- **YOUR ASSIGNMENT**: Reproduce all of the data exactly. Images are not to appear in the reply.

- **INFORMATION SHOWN**:
BEGIN
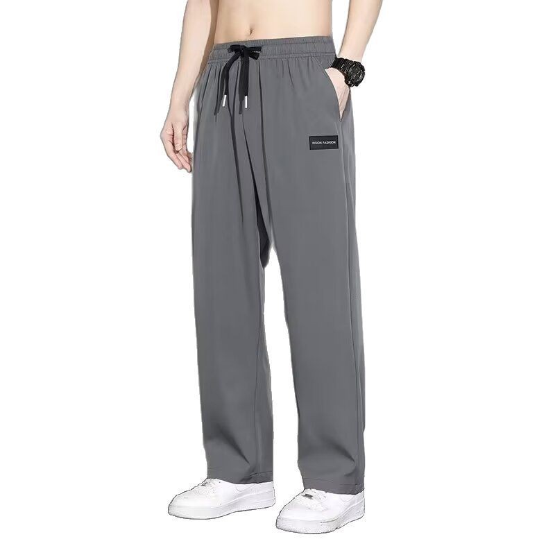 아이스 실크 스트레이트 바지 남자 2025 여름 얇은 빠른 건조 남성 바지 느슨한 드레이피 와이드 레그 스포츠 캐주얼 바지
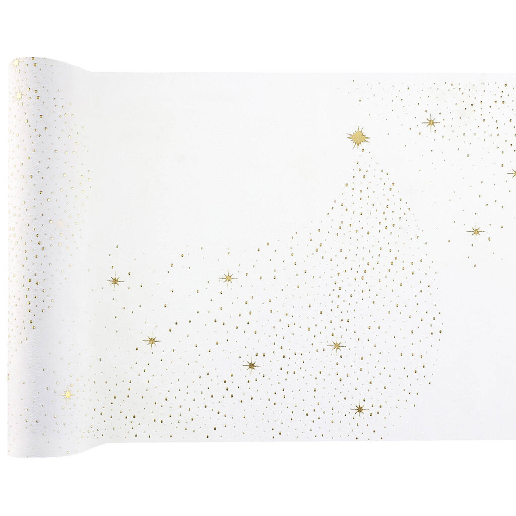 Crafted from high-quality polyester crepe, this elegant runner adds a touch of sparkle and sophistication to your holiday decor.
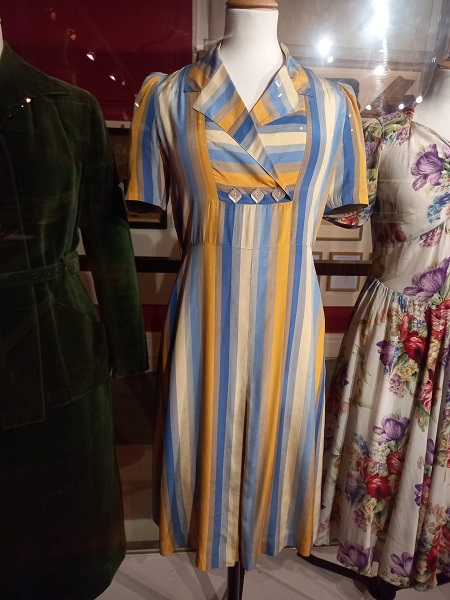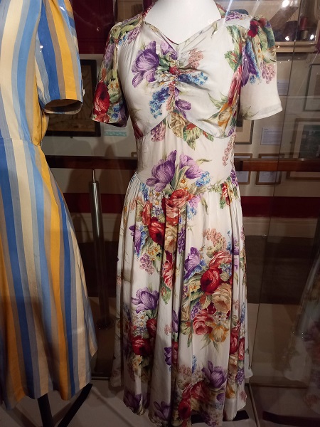 This ensemble was made from some raw silk, I love working with this fabric and was keen to experiment with beading. With hindsight it would have been easier to bead the dress before I made it up, but I like the colour graduations on the beads.
END
- **WRITTEN ANSWER**:
 아이스 실크 스트레이트 바지 남자 2025 여름 얇은 빠른 건조 남성 바지 느슨한 드레이피 와이드 레그 스포츠 캐주얼 바지
 Crafted from high-quality polyester crepe, this elegant runner adds a touch of sparkle and sophistication to your holiday decor.
 This ensemble was made from some raw silk, I love working with this fabric and was keen to experiment with beading. With hindsight it would have been easier to bead the dress before I made it up, but I like the colour graduations on the beads.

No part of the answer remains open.